Hint: Now take the pair as $\left( a,b \right)$ where $a\in A,b\in B$. From the elements of B, take zero and put it in the pair to make the ordered pair set $\left( A,B \right)$. We do the similar thing for $1\in B$. Thus, we find the number of pairs that can be formed. We take the number of elements $\left( a,b \right)$ in $\left( A,B \right)$ as $n\left( A,B \right)$ and that number will be the solution of the problem.

Complete step-by-step answer:
We have been given $A=\left\{ 2,3,5 \right\}$ and $B=\left\{ 0,1 \right\}$.
Now, we need to find the number of different ordered pairs for which \[{{1}^{st}}\] entry is an element from A and the \[{{2}^{nd}}\] is an element from B. We need to find a pair, and no repetition is allowed. We can represent the set as $\left( A,B \right)$ with elements being of the form $\left( a,b \right)$.

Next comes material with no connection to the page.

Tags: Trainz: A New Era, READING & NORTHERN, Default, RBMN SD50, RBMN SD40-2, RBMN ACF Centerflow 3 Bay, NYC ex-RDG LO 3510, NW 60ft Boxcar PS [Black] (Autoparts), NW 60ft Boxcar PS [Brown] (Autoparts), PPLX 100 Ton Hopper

The form of the set will be $\left( a,b \right)$ where $a\in A,b\in B$.
Let us consider $A=\left\{ 2,3,5 \right\}$ and $B=\left\{ 0,1 \right\}$.
Now let us put B = 0 in the pair $\left( A,B \right)$. Thus, we can form the pairs $\left( 2,0 \right),\left( 3,0 \right),\left( 5,0 \right)$.

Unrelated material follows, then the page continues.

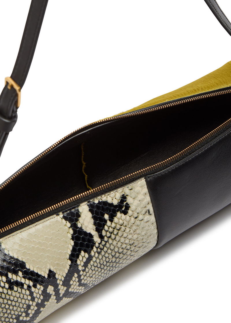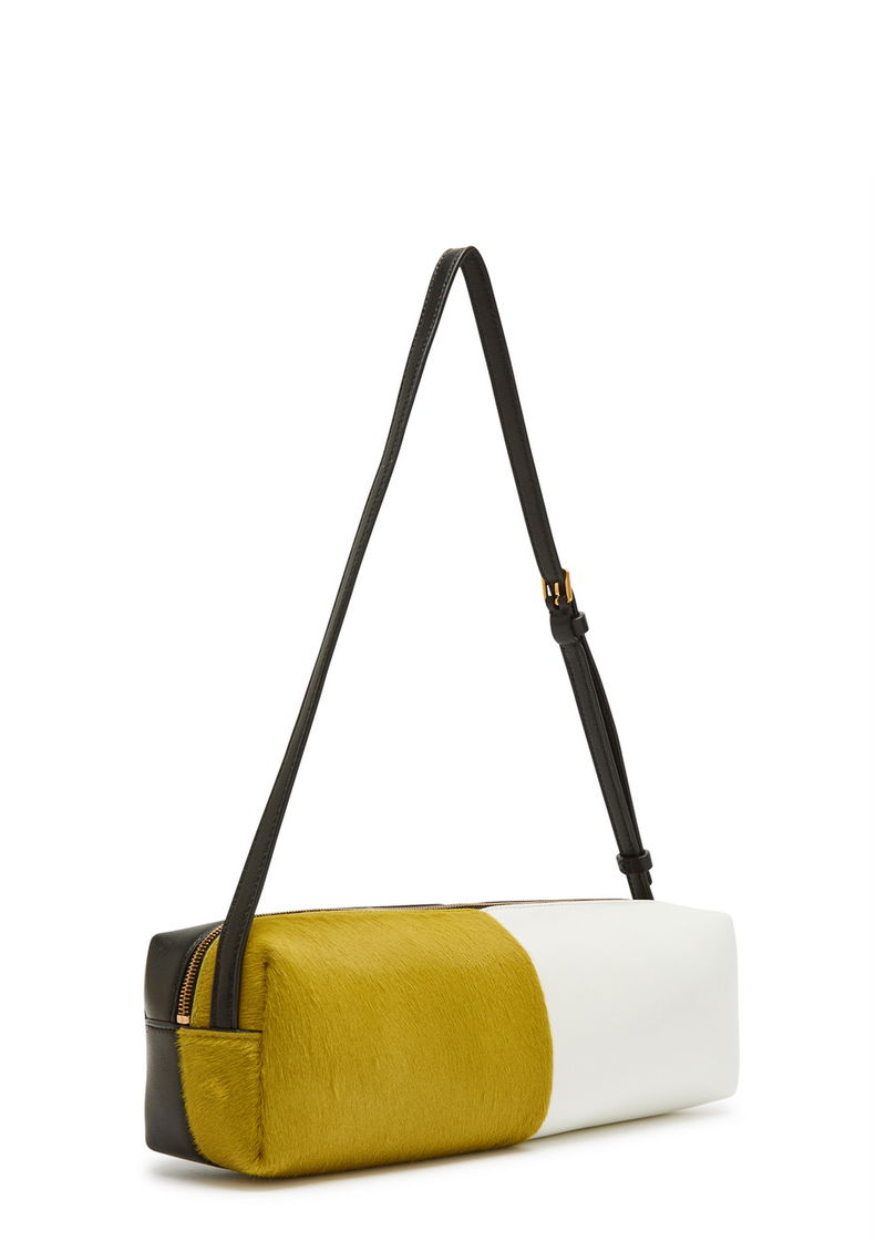 • Quartet of leather and calf-hair, adjustable shoulder strap, metallic designer stamp

We have taken the preceding points like 2, 3, 5 in the dual from set A.
\[\therefore \] By putting B as zero, we get three pairs of elements. Hence with set A there are 3 possible ways for each element in B. Now we are told that there is no repetition.
Thus, with B as 1, we can make 3 pairs as we did for B = 0. Hence the 3 possible ways are $\left( 2,1 \right),\left( 3,1 \right),\left( 5,1 \right)$.

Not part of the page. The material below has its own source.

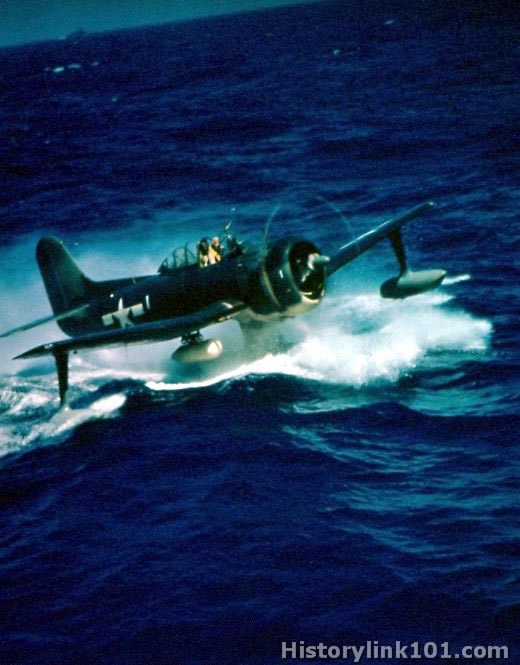 Landing in fairly heavy sea alongside his ship USS Alaska in "Seahawk" SC-1. March 6, 1945
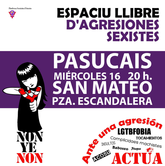 Por ello, desde la Plataforma Feminista d'Asturies lanzamos por segundo año la campaña "Por unas fiestas de San Mateo libres de agresiones sexistas y LGTBfóbicas", consistente en:

Thus, the total number of possible pairs 6 possible ways.
The 6 possible elements of the set $\left( A,B \right)$ are $\left( 2,0 \right),\left( 3,0 \right),\left( 5,0 \right),\left( 2,1 \right),\left( 3,1 \right),\left( 5,1 \right)$.
Hence, we got the number of different ordered pairs $n\left( A,B \right)=6$.

Note: We can also solve it in this method,
As there are 3 elements in A, $n\left( A \right)=3$. There are 2 elements in B, $n\left( B \right)=2$.
Now take the pair as $\left( a,b \right)$ where $a\in A,b\in B$. We need to find the number of elements in $n\left( A,B \right)$.
\[\therefore \] Total possible pairs = \[n\left( A,B \right)=n\left( A \right)\times n\left( B \right)=3\times 2=6\] pairs.